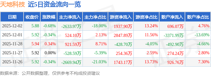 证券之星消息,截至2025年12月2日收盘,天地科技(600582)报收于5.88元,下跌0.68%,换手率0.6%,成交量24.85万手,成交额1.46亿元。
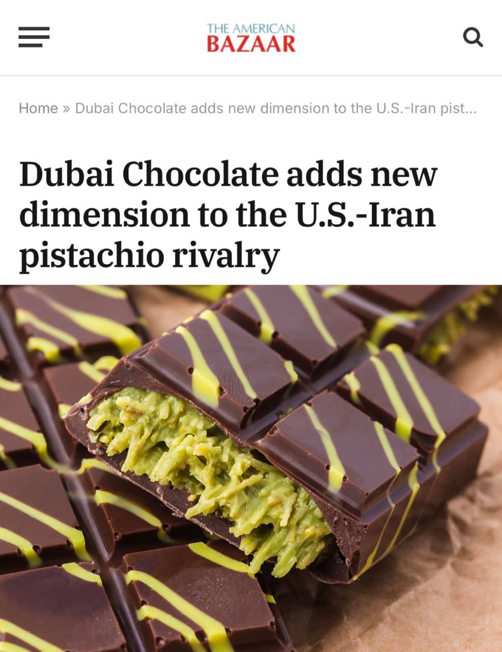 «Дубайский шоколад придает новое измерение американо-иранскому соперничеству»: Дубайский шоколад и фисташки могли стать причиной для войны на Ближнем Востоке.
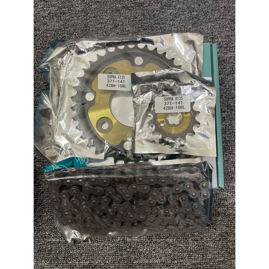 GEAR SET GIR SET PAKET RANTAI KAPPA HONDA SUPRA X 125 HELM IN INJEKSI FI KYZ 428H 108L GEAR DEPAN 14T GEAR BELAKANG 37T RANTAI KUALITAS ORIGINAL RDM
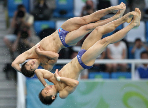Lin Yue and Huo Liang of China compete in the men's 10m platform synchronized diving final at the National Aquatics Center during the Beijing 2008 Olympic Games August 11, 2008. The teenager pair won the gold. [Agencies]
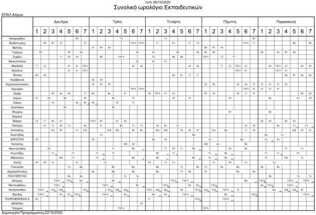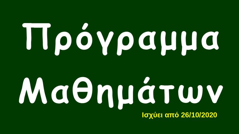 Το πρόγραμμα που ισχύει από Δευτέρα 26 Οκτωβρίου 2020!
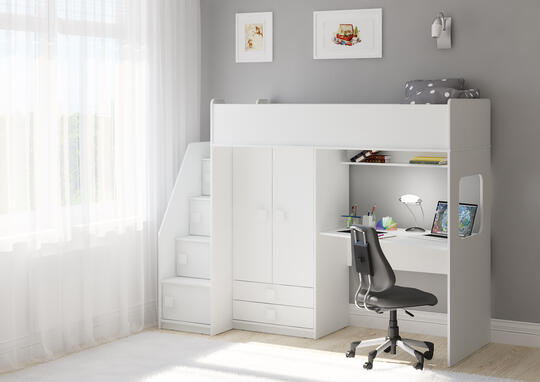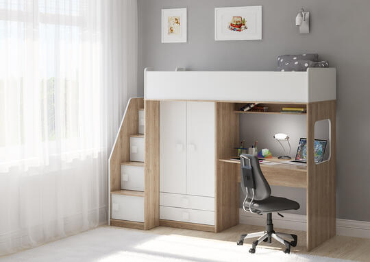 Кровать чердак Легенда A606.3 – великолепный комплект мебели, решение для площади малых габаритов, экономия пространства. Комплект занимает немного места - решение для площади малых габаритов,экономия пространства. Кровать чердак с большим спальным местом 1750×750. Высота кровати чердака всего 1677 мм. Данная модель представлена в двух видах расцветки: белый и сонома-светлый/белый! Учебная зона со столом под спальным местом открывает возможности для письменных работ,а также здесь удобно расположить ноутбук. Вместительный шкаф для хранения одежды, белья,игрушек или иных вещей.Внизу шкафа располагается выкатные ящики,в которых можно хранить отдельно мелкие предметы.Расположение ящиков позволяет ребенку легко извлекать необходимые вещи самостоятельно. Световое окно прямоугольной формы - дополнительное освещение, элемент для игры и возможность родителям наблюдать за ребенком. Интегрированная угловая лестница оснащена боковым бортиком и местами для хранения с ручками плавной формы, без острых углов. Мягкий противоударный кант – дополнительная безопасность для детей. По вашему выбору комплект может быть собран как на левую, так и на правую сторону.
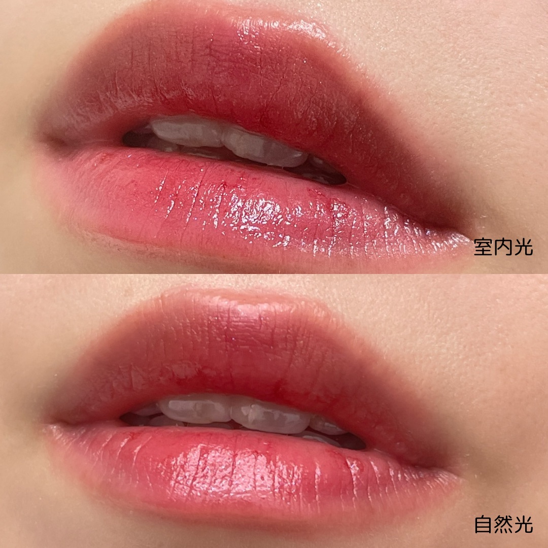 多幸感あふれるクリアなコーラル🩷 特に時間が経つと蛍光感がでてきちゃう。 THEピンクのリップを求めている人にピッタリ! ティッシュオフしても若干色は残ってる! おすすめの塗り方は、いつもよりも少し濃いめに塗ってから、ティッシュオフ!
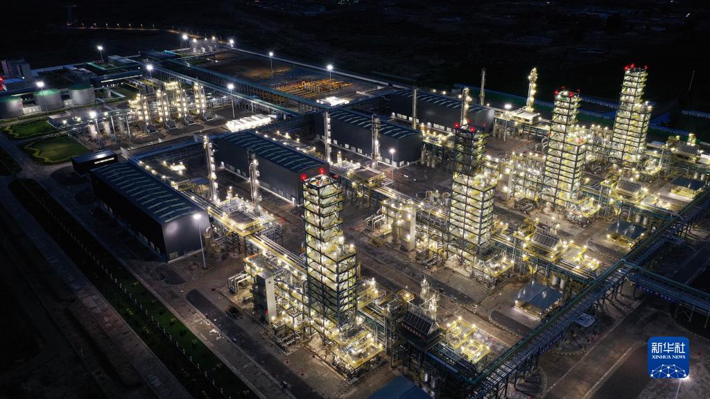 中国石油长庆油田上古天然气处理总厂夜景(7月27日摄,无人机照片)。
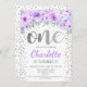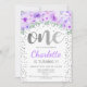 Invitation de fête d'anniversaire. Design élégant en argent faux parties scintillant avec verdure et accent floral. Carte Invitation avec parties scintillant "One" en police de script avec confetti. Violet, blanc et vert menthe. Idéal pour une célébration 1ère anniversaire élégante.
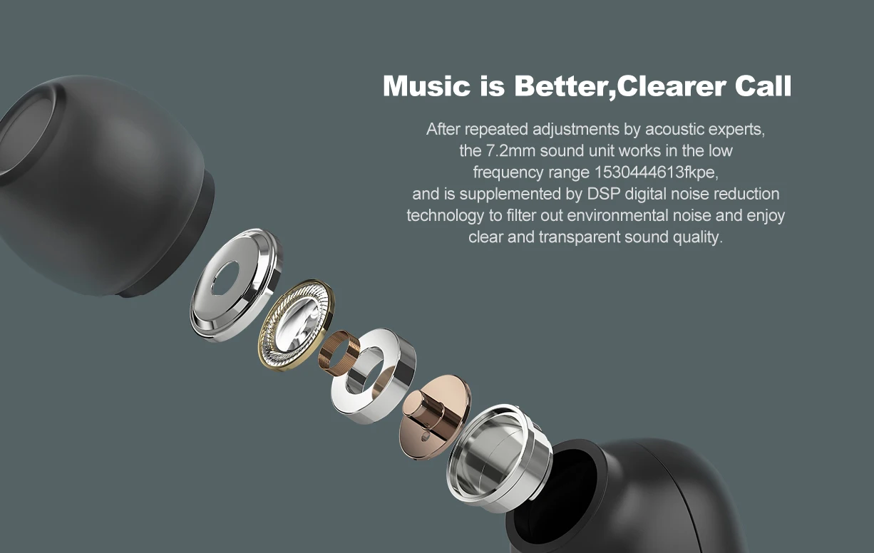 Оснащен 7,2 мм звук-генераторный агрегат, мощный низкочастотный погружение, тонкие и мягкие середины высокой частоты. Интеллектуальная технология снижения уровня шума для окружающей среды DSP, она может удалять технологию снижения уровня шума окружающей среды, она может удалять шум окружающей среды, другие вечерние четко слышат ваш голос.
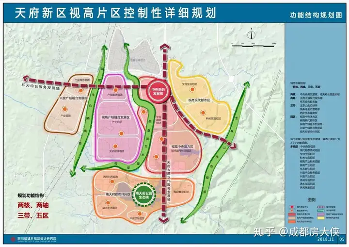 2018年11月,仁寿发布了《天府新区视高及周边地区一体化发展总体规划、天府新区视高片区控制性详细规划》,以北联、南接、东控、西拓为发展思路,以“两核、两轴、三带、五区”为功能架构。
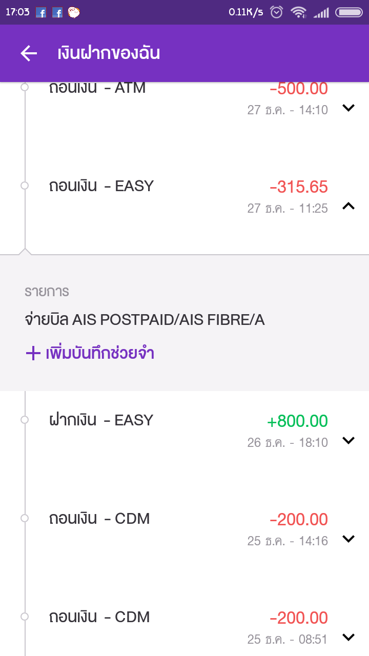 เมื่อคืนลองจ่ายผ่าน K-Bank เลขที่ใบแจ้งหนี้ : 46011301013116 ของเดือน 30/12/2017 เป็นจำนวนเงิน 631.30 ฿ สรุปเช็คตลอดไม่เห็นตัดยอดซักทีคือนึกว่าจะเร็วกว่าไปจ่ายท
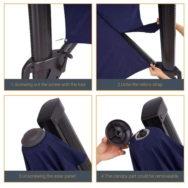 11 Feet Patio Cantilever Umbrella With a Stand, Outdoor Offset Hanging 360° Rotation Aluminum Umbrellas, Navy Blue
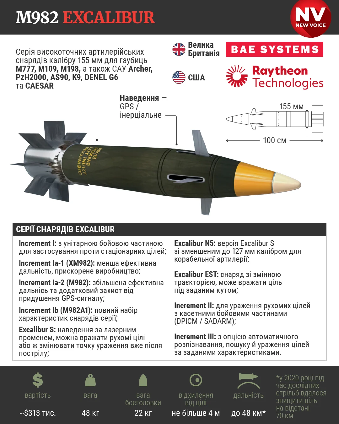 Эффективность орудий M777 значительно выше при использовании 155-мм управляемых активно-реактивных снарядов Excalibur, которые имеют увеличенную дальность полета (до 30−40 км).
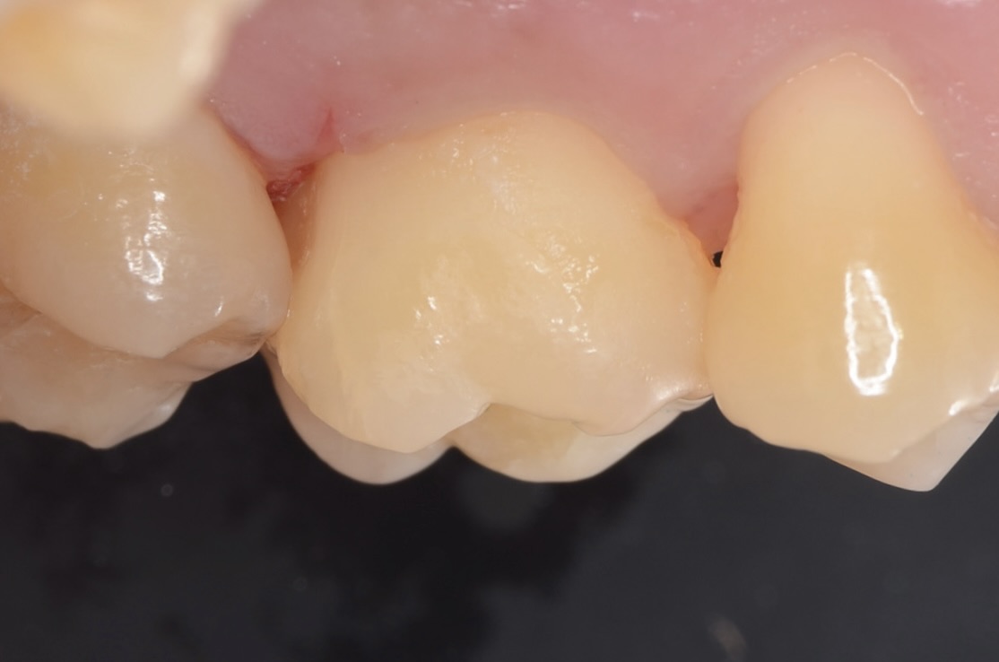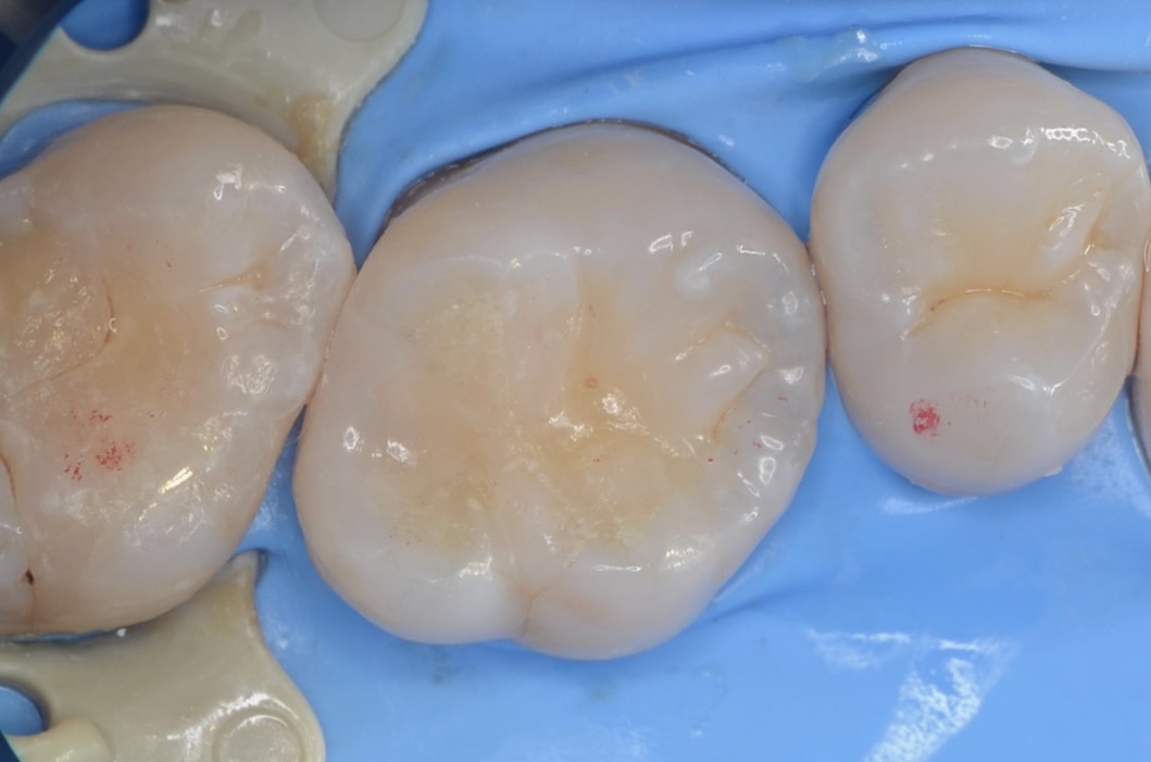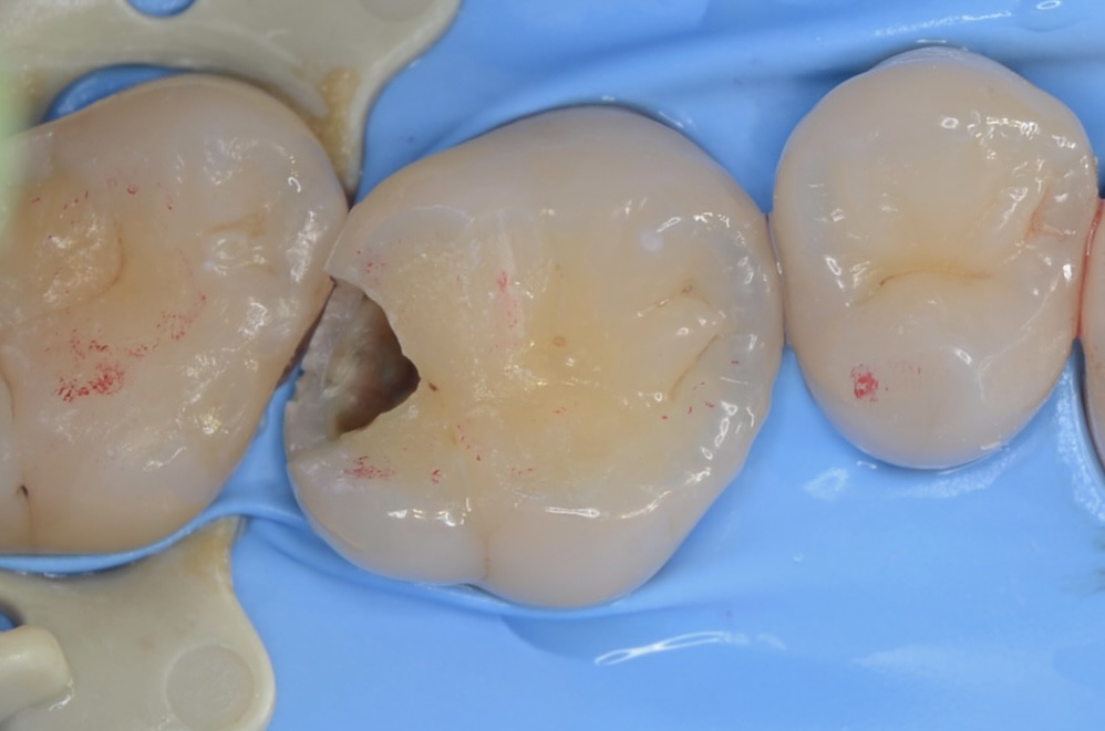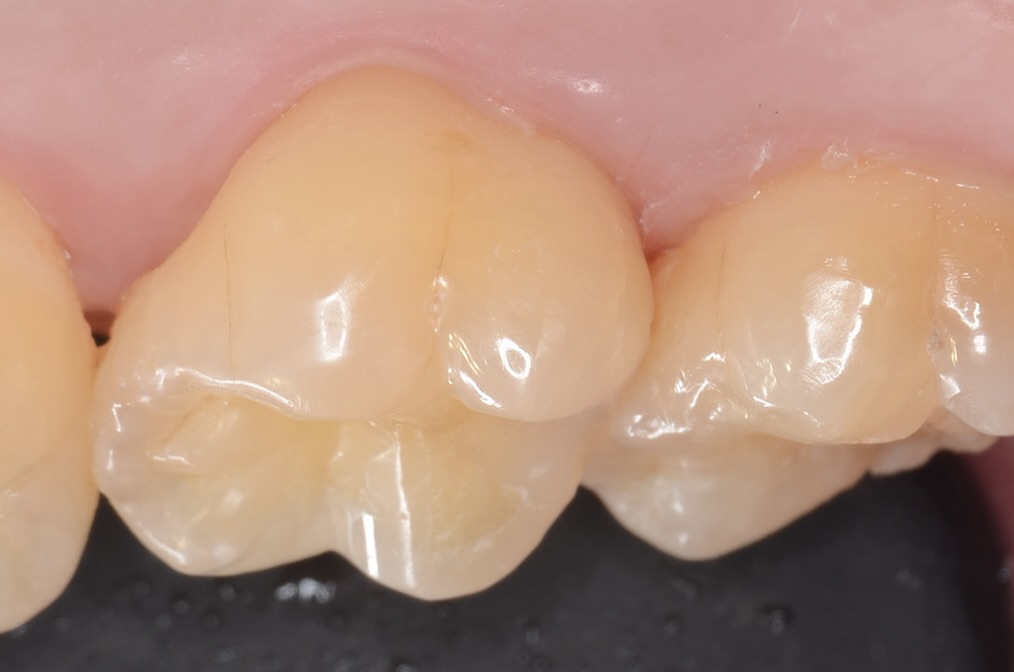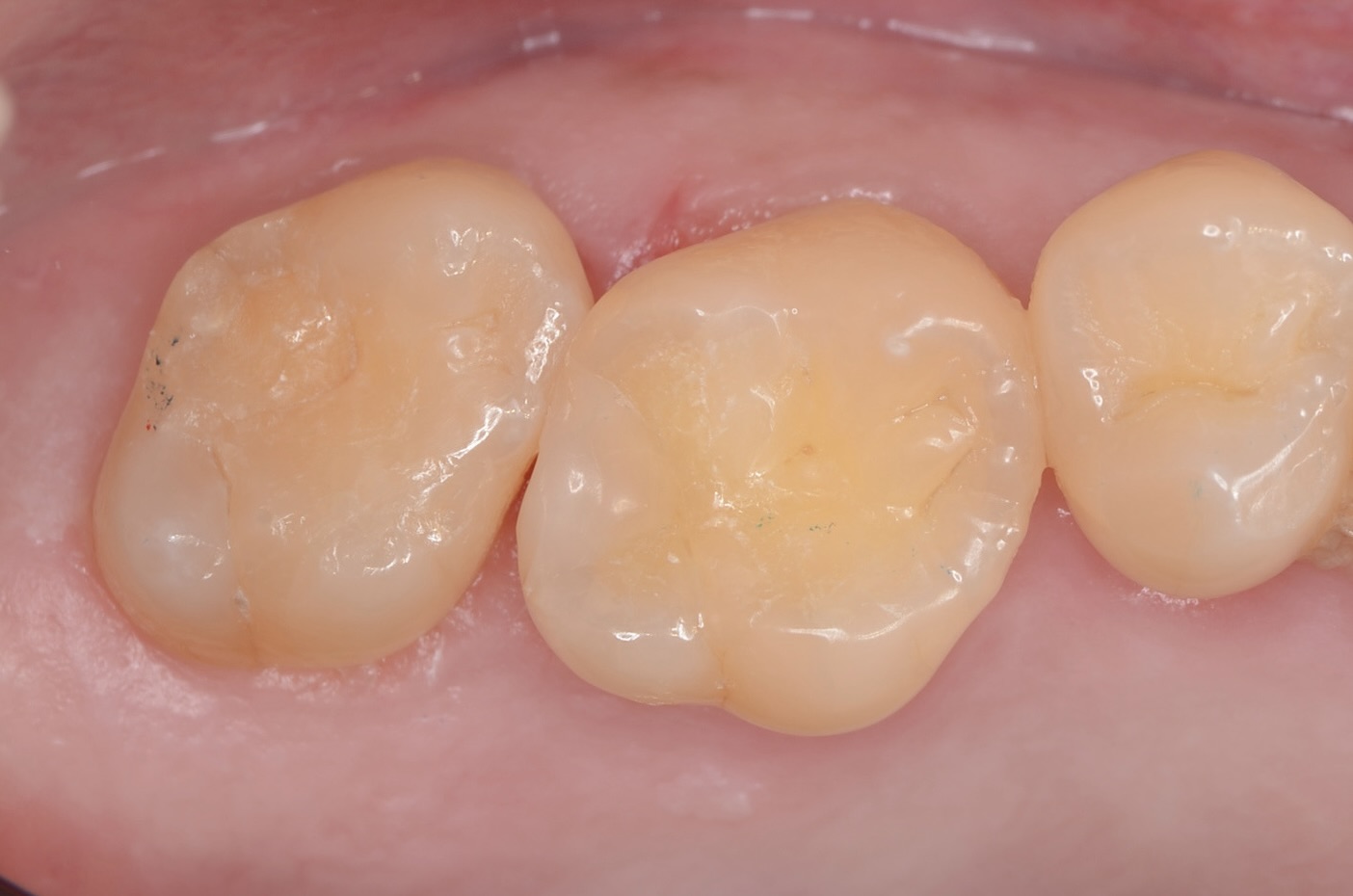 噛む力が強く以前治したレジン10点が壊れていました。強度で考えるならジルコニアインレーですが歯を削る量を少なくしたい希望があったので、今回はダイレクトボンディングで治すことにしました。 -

=== Task requirements ===
Return only the lines running from the top of the data to the line that holds "GEAR SET GIR". Include both of those lines, but skip the pictures.

=== Response ===
 证券之星消息,截至2025年12月2日收盘,天地科技(600582)报收于5.88元,下跌0.68%,换手率0.6%,成交量24.85万手,成交额1.46亿元。
 «Дубайский шоколад придает новое измерение американо-иранскому соперничеству»: Дубайский шоколад и фисташки могли стать причиной для войны на Ближнем Востоке.
 GEAR SET GIR SET PAKET RANTAI KAPPA HONDA SUPRA X 125 HELM IN INJEKSI FI KYZ 428H 108L GEAR DEPAN 14T GEAR BELAKANG 37T RANTAI KUALITAS ORIGINAL RDM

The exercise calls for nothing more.